We’ve had our best classes yet in the past month. We were talking through some of our favorite moments the other day – and kept touching on moments when the kids really took risks, stepped outside of themselves, and allowed some moment of transformation to take place. When they weren’t these excited-but-playing-it-cool kids in a classroom crowded with too much furniture and not enough play space – moments when we really saw their imaginations take over, and they experienced moments of total immersion in a character.
We have begun reading the Lorax by Dr. Seuss, which deals with the environmental destruction of fictitious Truffula Trees by the greedy Once-ler. This piece was chosen for the students to adapt because being from New Orleans, they could relate to the destruction of home and environment.
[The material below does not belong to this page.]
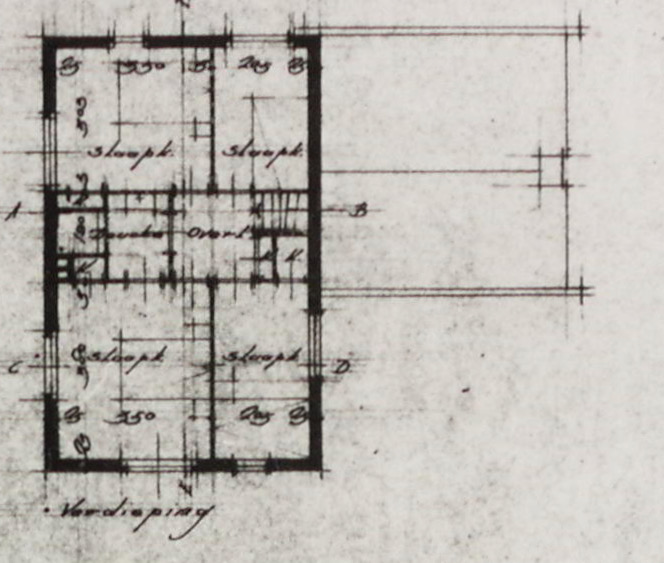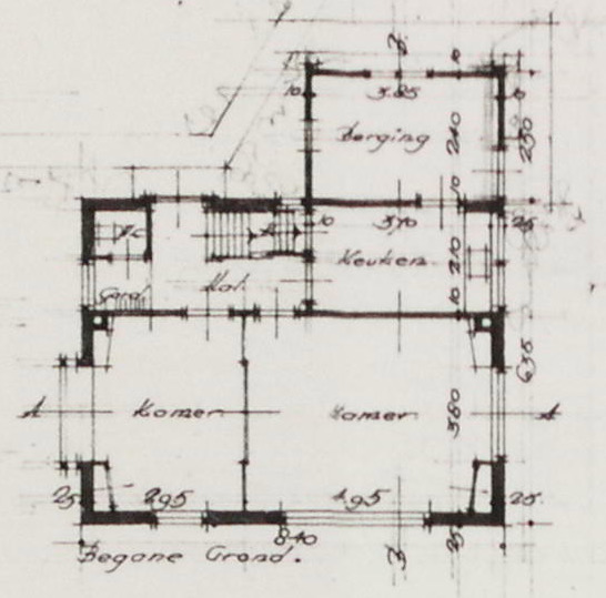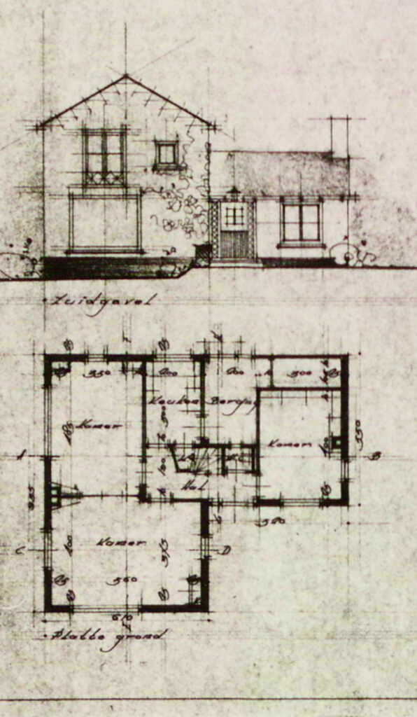 Op deze plek ontwierp de architekt een huis met twee kamers van 5,55m bij 3,50m, links. Rechts nog een (werk-?) kamer van ongeveer 3 bij 4 m. Zie de volgende tekening. Rechts zie je het raam van de werkkamer met daarnaast de voordeur. Op het plattegrondje eronder staat de indeling van het huis. Het hoofdgebouw links is 9,35 bij 6,10 m2. Een ruime woning dus, zeker voor die tijd. Daar tegenaan was nog een ‘aanbouw’ van 5,20 bij 5,50 m2. Zodat je echt van een ruime woning mocht spreken, een Dominee waardig.

Most are too young to remember actually going through the experience of Katrina, but they all remember last summer’s BP oil debacle. They were asked questions about what they remembered about the oil spill. Which marine life was affected? Was there a smell? Did they like crawfish and shrimp? Then we read through the Lorax and then talked about how this story is similar to what New Orleans and the Gulf Coast went through, and is still going through. In our next session, we started putting the story on its feet, with the kids acting out the story as it was narrated. They really got into depicting/ translating each aspect of the story – not just the defined characters like the Once-ler, but becoming the trees, swaying in the breeze. It was awesome.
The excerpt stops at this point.